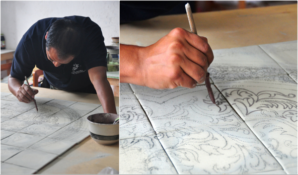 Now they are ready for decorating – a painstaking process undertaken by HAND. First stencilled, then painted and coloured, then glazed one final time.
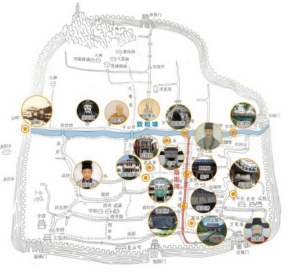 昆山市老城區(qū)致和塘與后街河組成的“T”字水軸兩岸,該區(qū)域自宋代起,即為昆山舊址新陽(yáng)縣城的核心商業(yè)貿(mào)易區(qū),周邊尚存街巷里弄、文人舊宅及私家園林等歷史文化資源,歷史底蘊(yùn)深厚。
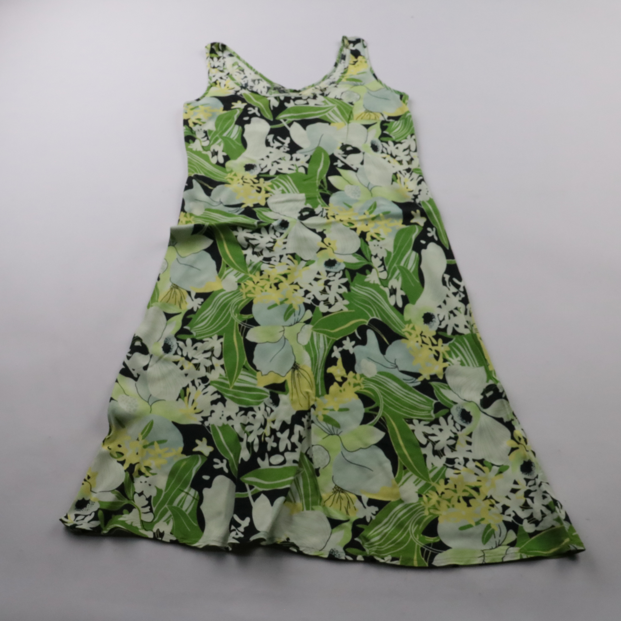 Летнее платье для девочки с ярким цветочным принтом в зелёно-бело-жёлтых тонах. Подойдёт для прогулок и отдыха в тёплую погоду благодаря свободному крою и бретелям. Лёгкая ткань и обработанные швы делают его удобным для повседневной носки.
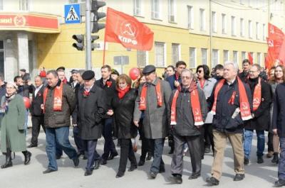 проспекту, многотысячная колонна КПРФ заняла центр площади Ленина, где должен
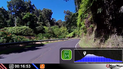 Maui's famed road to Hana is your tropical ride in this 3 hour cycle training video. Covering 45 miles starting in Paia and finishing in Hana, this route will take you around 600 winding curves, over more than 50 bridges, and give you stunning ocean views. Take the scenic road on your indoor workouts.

---

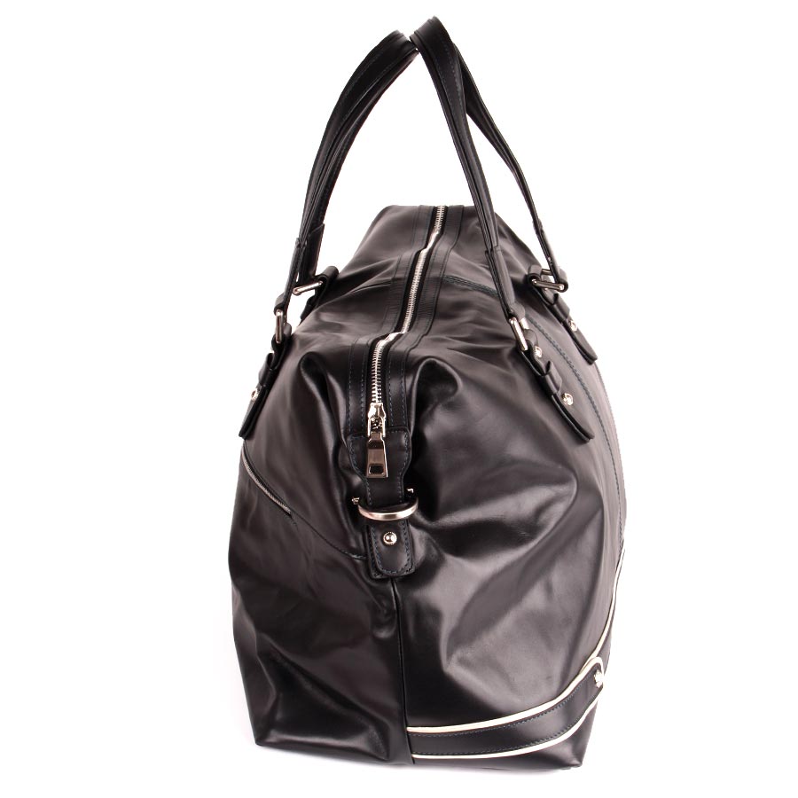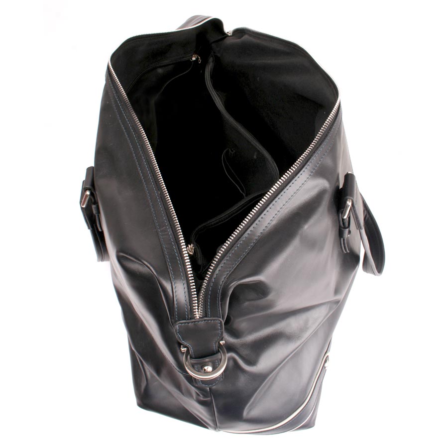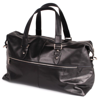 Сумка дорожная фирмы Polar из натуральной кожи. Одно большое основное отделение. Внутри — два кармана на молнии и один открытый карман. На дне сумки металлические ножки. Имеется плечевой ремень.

* * *

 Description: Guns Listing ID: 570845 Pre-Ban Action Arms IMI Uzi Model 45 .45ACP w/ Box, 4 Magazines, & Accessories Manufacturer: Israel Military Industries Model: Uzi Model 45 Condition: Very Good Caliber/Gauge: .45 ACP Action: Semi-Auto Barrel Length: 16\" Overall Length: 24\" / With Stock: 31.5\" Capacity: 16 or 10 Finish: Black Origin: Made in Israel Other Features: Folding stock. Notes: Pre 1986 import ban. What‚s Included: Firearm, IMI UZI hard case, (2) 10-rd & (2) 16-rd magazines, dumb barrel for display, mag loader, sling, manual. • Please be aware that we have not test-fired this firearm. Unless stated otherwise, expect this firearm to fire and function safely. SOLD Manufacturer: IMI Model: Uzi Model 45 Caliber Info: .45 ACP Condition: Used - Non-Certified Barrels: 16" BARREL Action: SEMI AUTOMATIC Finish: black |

__REQUIRED ACTION__. Within the listing above, extract exactly the lines that run from the one containing "Now they are" through the one containing "昆山市老城區(qū)致和塘與", excluding any pictures.

__EXERCISE RESULT__.
 Now they are ready for decorating – a painstaking process undertaken by HAND. First stencilled, then painted and coloured, then glazed one final time.
 昆山市老城區(qū)致和塘與后街河組成的“T”字水軸兩岸,該區(qū)域自宋代起,即為昆山舊址新陽(yáng)縣城的核心商業(yè)貿(mào)易區(qū),周邊尚存街巷里弄、文人舊宅及私家園林等歷史文化資源,歷史底蘊(yùn)深厚。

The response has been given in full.